14 DAY TRIAL // HP has published an advisory describing a vulnerability in the web administration interface of several LaserJet printer models and a Digital Sender. The flaw allows a remote attacker to gain read access permissions to system files.
According to HP, the affected products are HP LaserJet 2410, HP LaserJet 2420, HP LaserJet 2430, HP LaserJet 4250, HP LaserJet 4350, HP LaserJet 9040, HP LaserJet 9050, HP LaserJet 4345mfp, HP LaserJet 9040mfp, HP LaserJet 9050mfp, HP Color LaserJet 4730mfp, HP Color LaserJet 9500mfp and HP 9200C Digital Sender. The vulnerability is identified as CVE-2008-4419 in the Common Vulnerabilities and Exposures system.
The Vulnerability Research Team from Digital Defense, which is credited with the discovery of the flaw, notes that the flaw originates in the HP-ChaiSOE/1.0 embedded web server and can be exploited by using simple directory traversal techniques. "An attacker can leverage this flaw to read arbitrary system configuration files, cached documents, etc.," explain the researchers, warning that the "information obtained from an affected host may facilitate further attacks against the host."
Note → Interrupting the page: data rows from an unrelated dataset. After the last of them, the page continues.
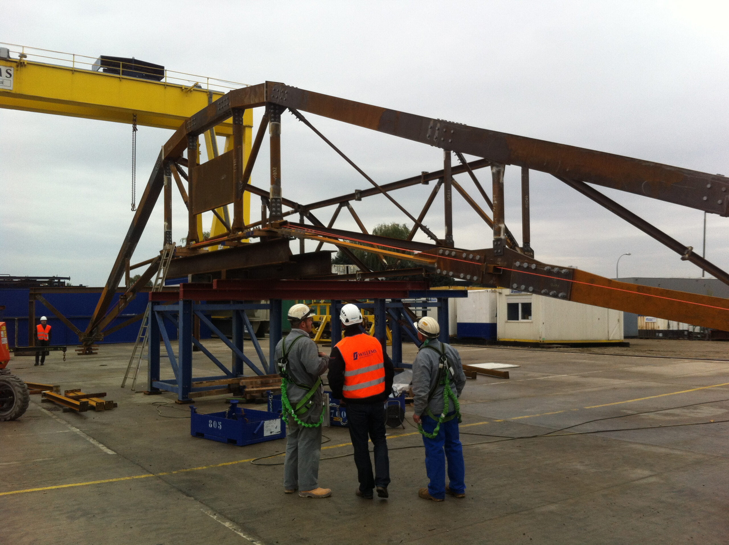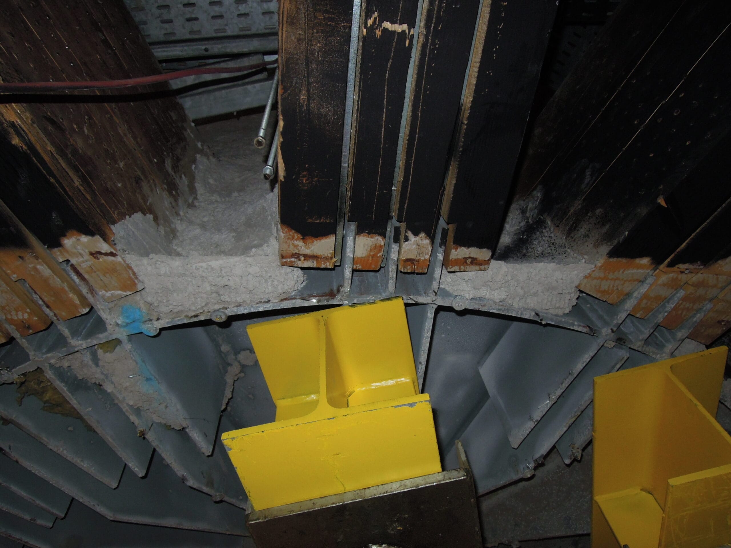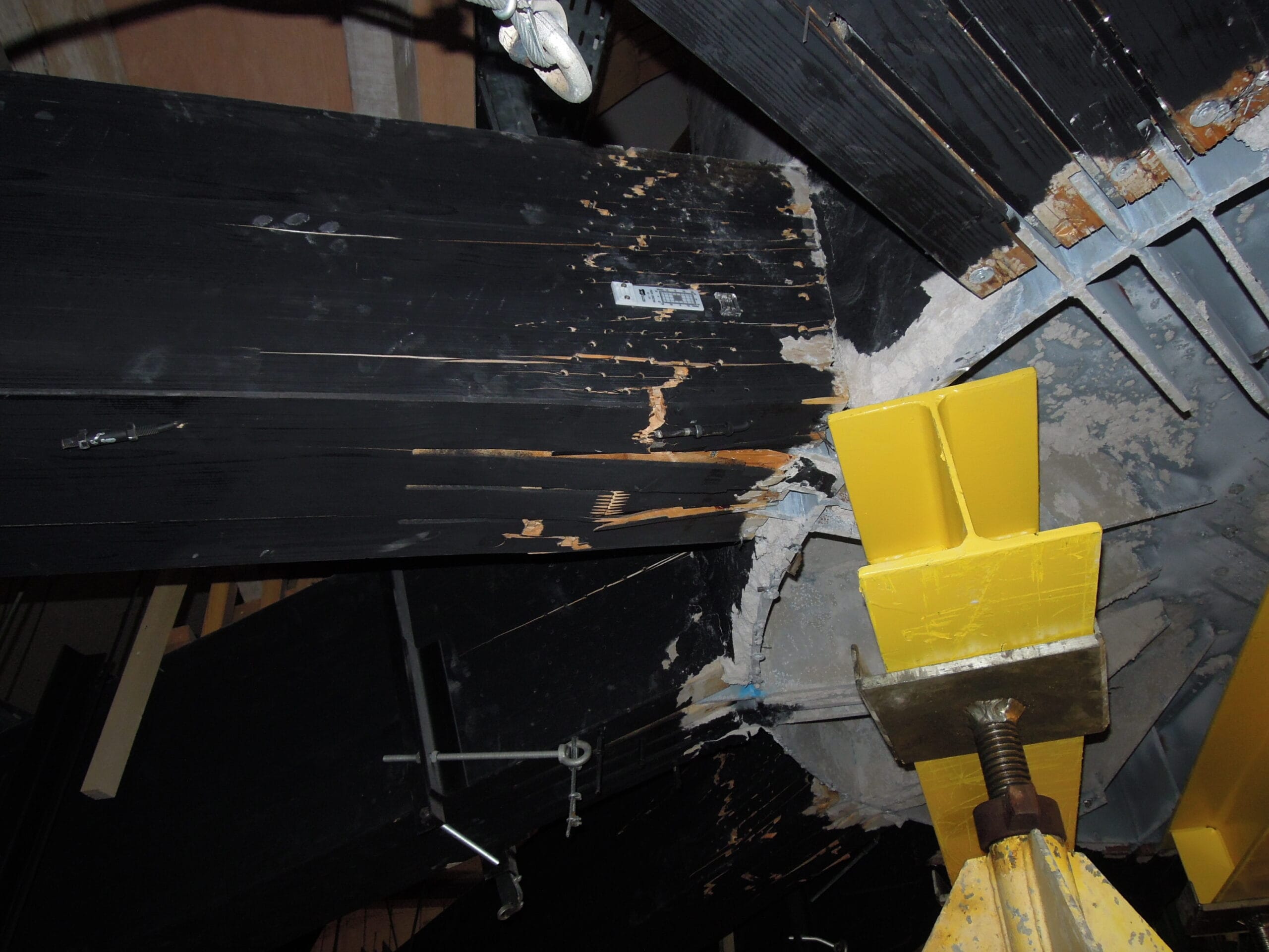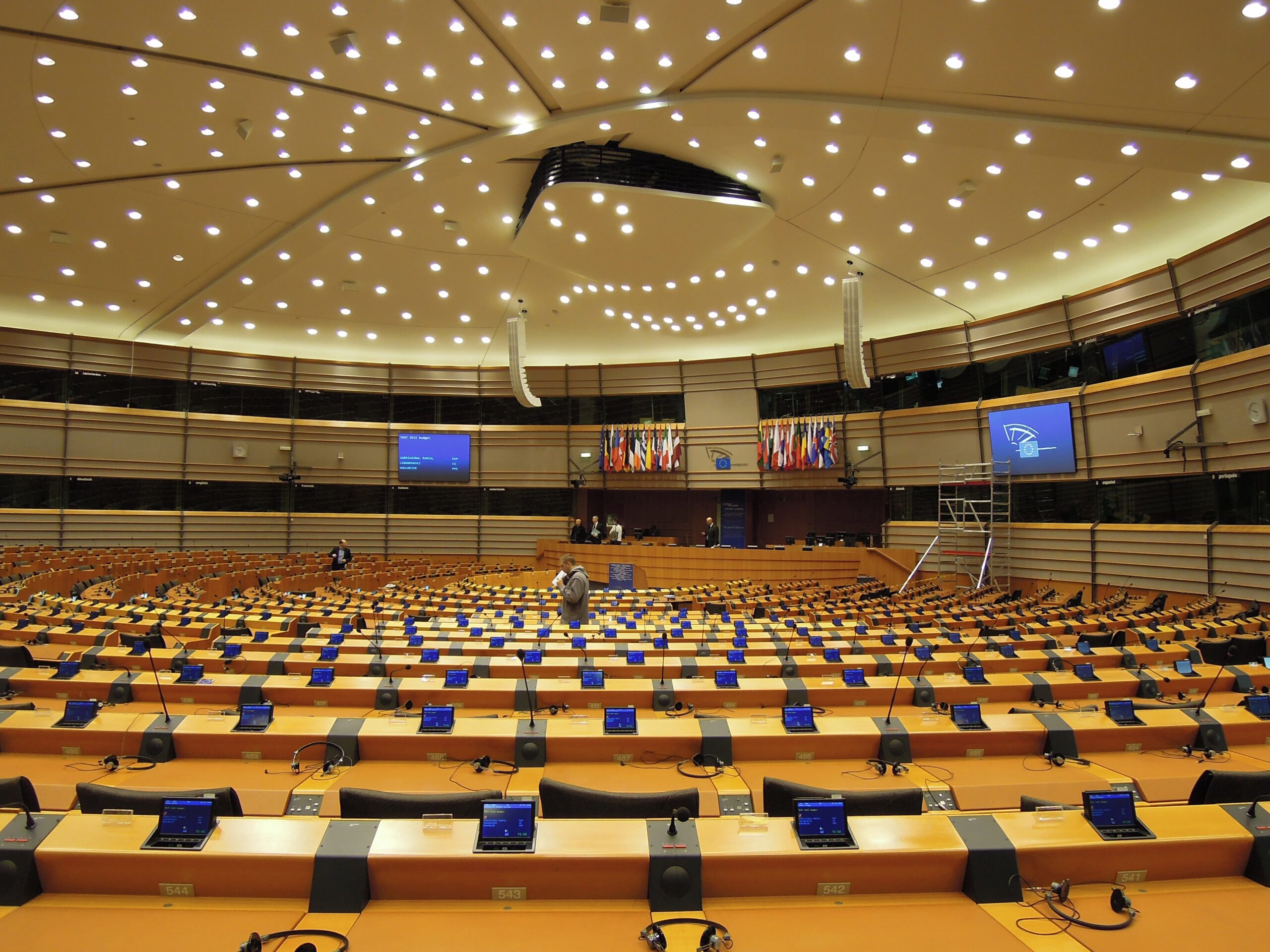 The roof structure of the Hemicycle consists of 22 glulam lattice girders arranged radially around a metal core. During an inspection of the ceilings, significant damages were discovered at certain joints. A complete analysis of the existing structure and a check based on current codes revealed a critical sensitivity of the structure to displacement of the supports due to its hyperstaticity. The new distribution of forces within the structure led to stresses being exceeded at certain joints, to the point of failure. Various repair and reinforcement options were studied, leading to the complete doubling of the structure with a steel frame. The glulam beams were completely unloaded using a complex jacking system.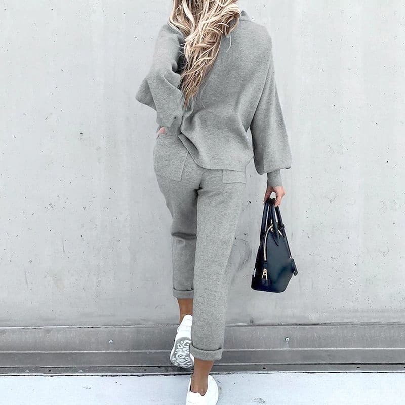 Diese Kombination ist ideal für die Tage, an denen Sie mit minimalem Aufwand gut aussehen möchten. Ob Sie Besorgungen machen oder ein entspanntes Wochenende zu Hause genießen, dieses Loungewear-Set in Kombination mit der trendigen weißen Handtasche sorgt dafür, dass Sie dies stilvoll und komfortabel tun. Accessoires wie saubere weiße Turnschuhe vervollständigen das Ensemble und machen es zum perfekten Outfit für die moderne, modebewusste Frau.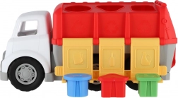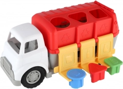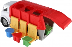 Dieses farbenfrohe Müllfahrzeug begeistert kleine Fans von Aufräumen und Recycling. Der obere Teil dient als Formen-Steckspiel mit Öffnungen, in die Kinder die passenden Teile einsetzen und so Formen und Farben erkennen lernen. Seitliche öffnende Türchen und abnehmbare Behälter ermöglichen eine spielerische Nachahmung der Müllabfuhr.

Digital Defense ranked the severity of this vulnerability as High, while HP assigned it a score of 7.8 on the Common Vulnerability Scoring System (CVSS). "The information in this Security Bulletin should be acted upon as soon as possible," is noted in the HP advisory. "HP has provided firmware updates and preliminary firmware updates to resolve this vulnerability," the company informs.
Graham Cluley, senior technology consultant at Sophos, points out that the origin of this bug only makes it worse. "This probably isn't the most serious vulnerability that the world has ever seen, but you can imagine that many IT departments will treat patching a printer as a very low priority compared to desktop computers and servers. The danger is that some companies will never find the resources to tackle the lower priority security issues, potentially leaving them in a risky state for the future," explains the security researcher.
This outlines the necessity of monitoring hardware vulnerabilities too and not just the ones affecting operating systems or popular software like browsers or e-mail clients, but it is unlikely that system administrators will be too keen on following up with security bulletins from companies like HP. The very successful and fast spreading Conficker worm, which affected a very large number of business computers, stands as proof that even the serious operating system vulnerabilities are not patched in a timely manner.
"The danger is that some companies will never find the resources to tackle the lower priority security issues, potentially leaving them in a risky state for the future," concludes Mr. Cluley. Meanwhile, Digital Defense suggests the temporary workaround of restricting access to the web administration interface to authorized hosts only, in order to mitigate the risks until the firmware updates are deployed.